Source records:
····················

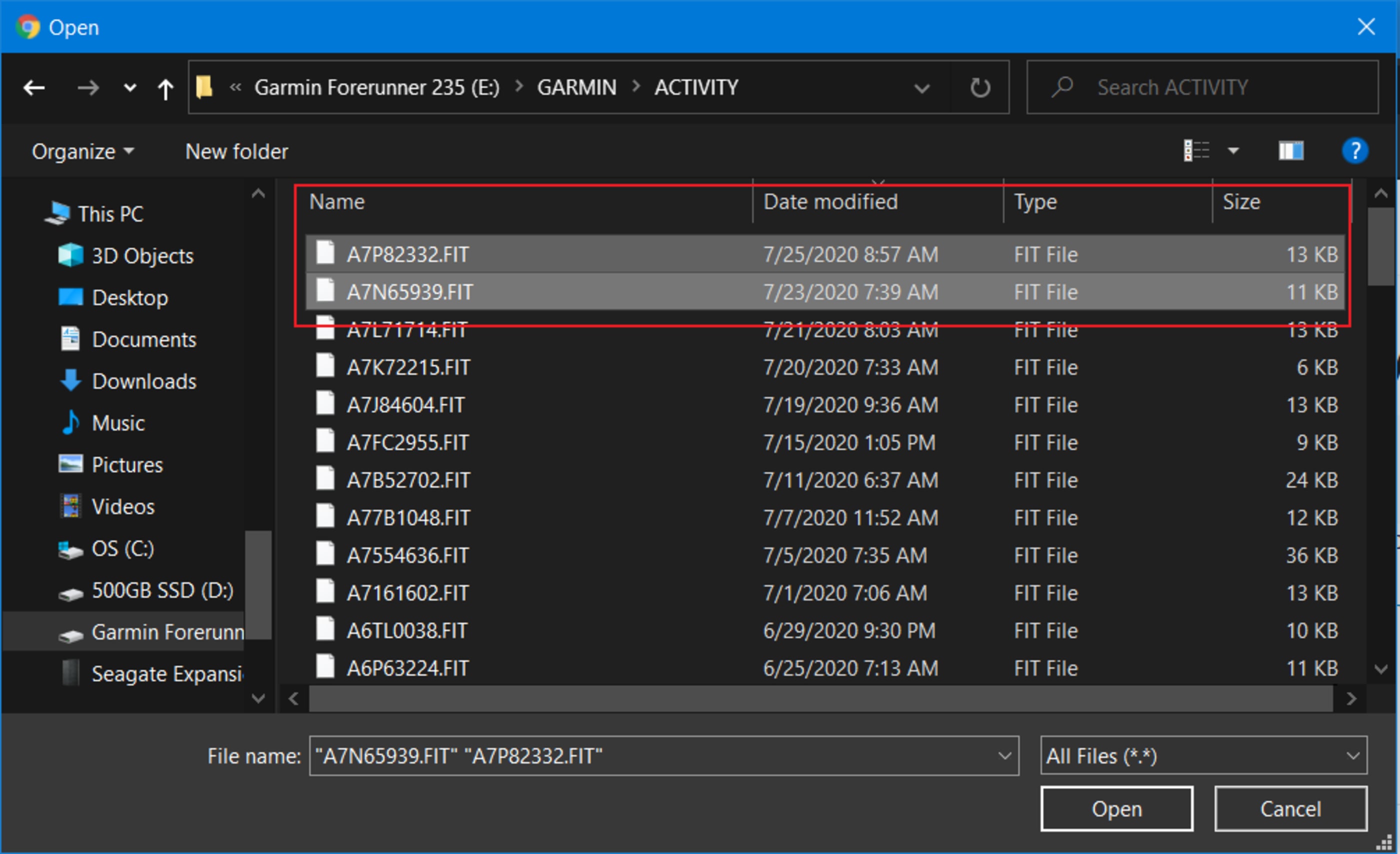 Seus treinos estarão gravados na pasta ACTIVITY. Todos os arquivos possuem a extensão .FIT.
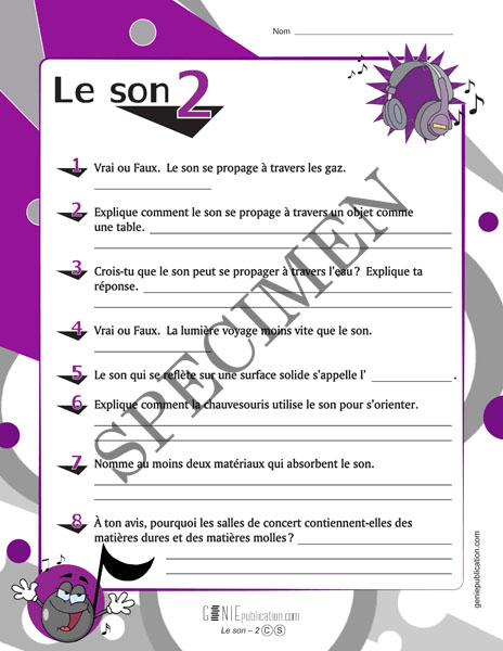 Dans cette activité d'enrichissement, l'élève doit répondre à des questions au sujet du son et des ondes sonores.
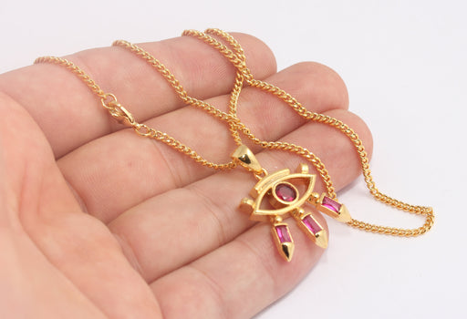17'' 24k Shiny Gold Eye Necklace, CZ Purple Stone Eye Necklace, MLS462-4
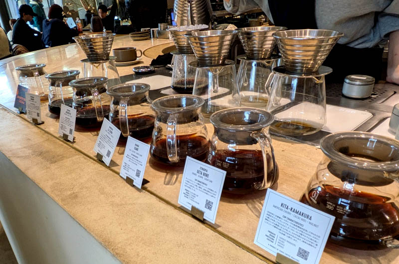 San Francisco-based Verve Coffee Roasters is the gourmet coffee destination in Yebisu Garden Place. You can choose from numerous single-origin pour-over coffees, a few espresso options, and cold brew and nitro brew when available. There are special seasonal blends, and they always have a "quick cup" option - convenient when you're in a hurry.
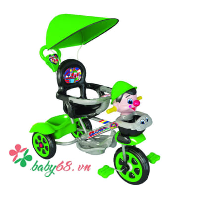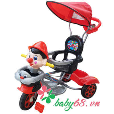 Xe đẩy 3 bánh bảo hiểm có nhạc, có mái che chú hề Nhựa chợ lớn
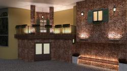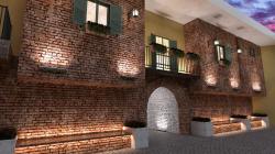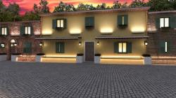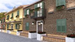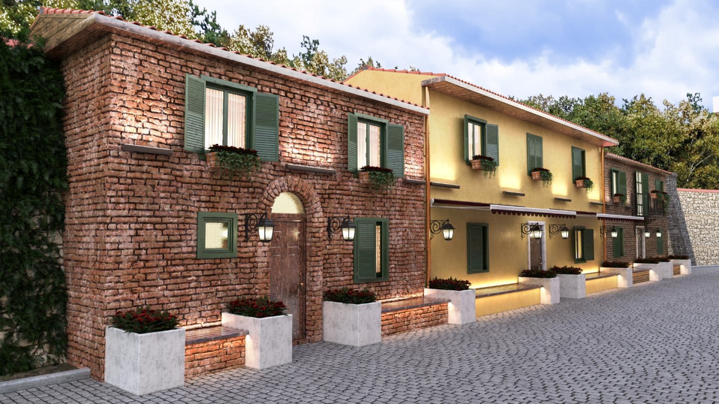 Dream House Tuscan Film Set located in Beykoz, Istanbul. Dream House villas are already a film set. They used to use a load bearing wall with stone covered behind the villas. The theme was Tuscany and backyard of villas designed as a Tuscan street. The load bearing wall extured and made by brick. One façade was painted yellow for the Tuscan home view. Extra light has been added to the inside so that pedestrians feel as if there is life inside the windows.
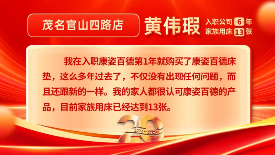 黃偉瑕說(shuō)道:“我在入職康姿百德第1年就購(gòu)買了康姿百德床墊,這么多年過(guò)去了,不僅沒(méi)有出現(xiàn)任何問(wèn)題,而且還跟新的一樣。我的家人都很認(rèn)可康姿百德的產(chǎn)品,目前家族用床已經(jīng)達(dá)到13張。我目前最大的愿望就是要讓更多消費(fèi)者知道康姿百德這個(gè)品牌,認(rèn)可康姿百德,讓康姿百德成為廣東茂名地區(qū)有影響力的寢具品牌。”
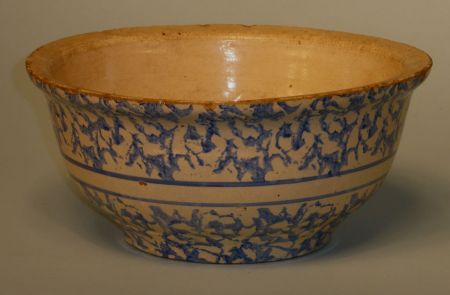 American Blue and White Sponge-Bordered and Banded Pottery Kitchen Bowl. Dia. 10-1/4", h. 4-3/8" American Blue and White Sponge-Bordered and Banded Pottery Kitchen Bowl. Dia. 10-1/4", h. 4-3/8"
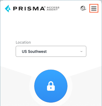 - Open the Prisma Access Agent by clicking theicon from the macOS menu bar, Windows taskbar, or Linux panel.
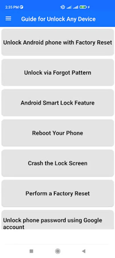 This application provide guide to solution of problems of device locking or unlocking. This application Easy Unlocking Guides Process Explained.
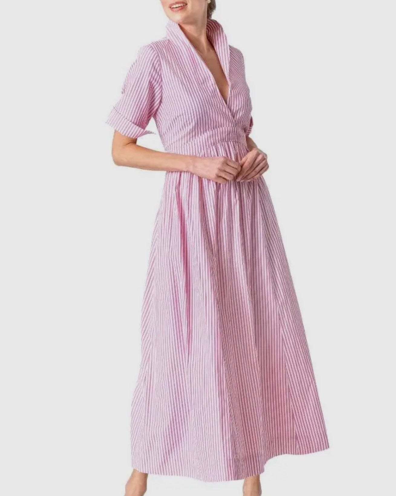 Wash & Wear June Dress | Pink, Navy, Orange, Light Blue Stripes
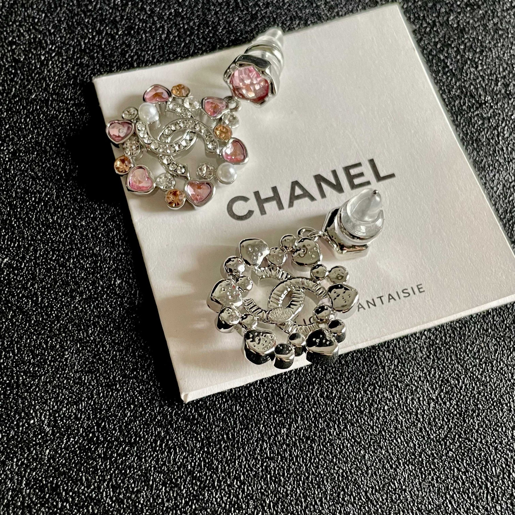 DOUBLE C STUD EARRINGS IN SILVER METAL WHITE & PINK STONES
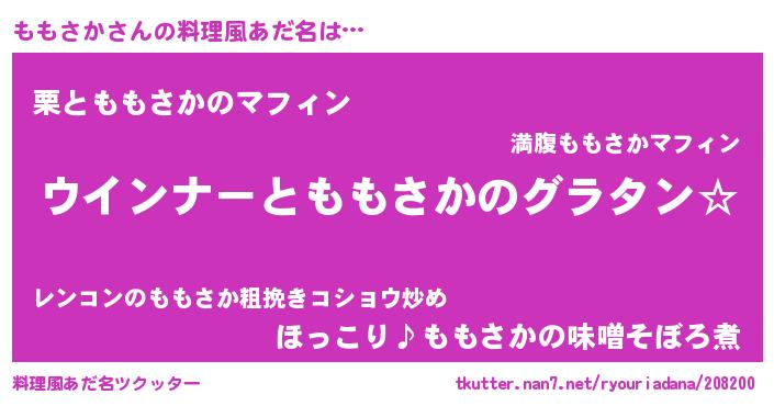 | ヘコむあだ名 | 『なまこ酢』『ももにー』『ももお』 |
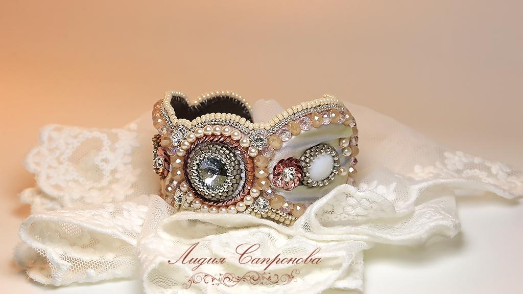 Браслет вышит на моделируемом фетре — держит форму без основы — легкий, пластичный. Обратная сторона — мягкая натуральная кожа бордового цвета.
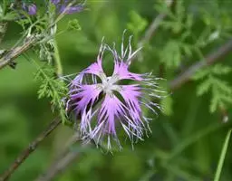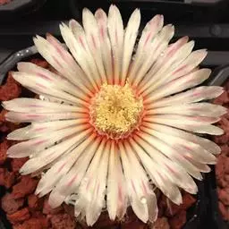 花单个腋生,雏菊状,直径约2.5厘米,几无梗;花瓣多数,线形,比萼片长,带白色或浅玫瑰红色;花柱5,丝状,柱头5。蒴果5室,裂瓣脊有翅。
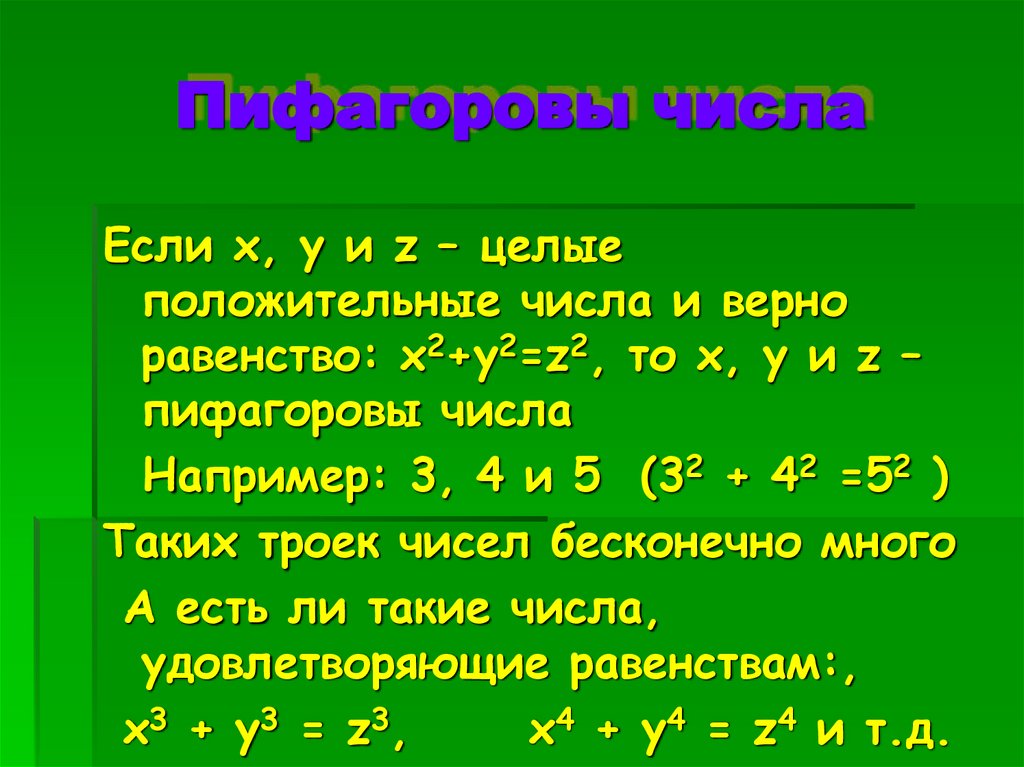 равенство: x2+y2=z2, то x, y и z –
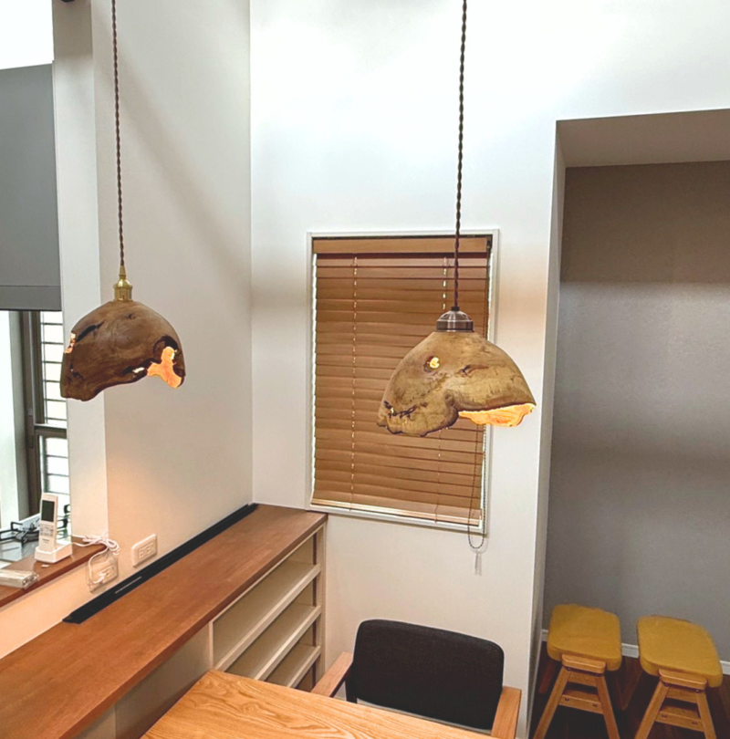 ダイニングのペンダントライトにも木材を用いたものを選ばれるなど、天然素材を大切にされているオーナー様。
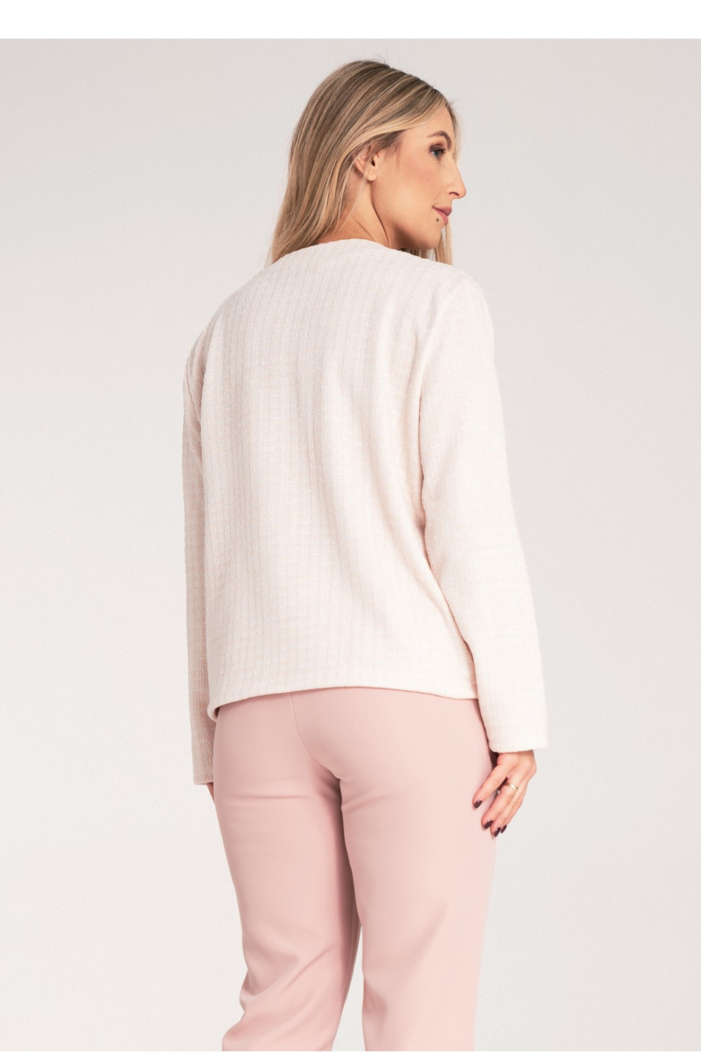 Classic checked blazer inspired by Chanel. Blazer made of textured tweed-like material. Fastened with golden decorative buttons. With sewn-in slip pockets.

····················

> _What to produce_:
The expected output is the exact run of lines from the one containing "ダイニングのペンダントライト" through the final line of the data above, both ends included, with no pictures.

> _Answer for the task_:
 ダイニングのペンダントライトにも木材を用いたものを選ばれるなど、天然素材を大切にされているオーナー様。
 Classic checked blazer inspired by Chanel. Blazer made of textured tweed-like material. Fastened with golden decorative buttons. With sewn-in slip pockets.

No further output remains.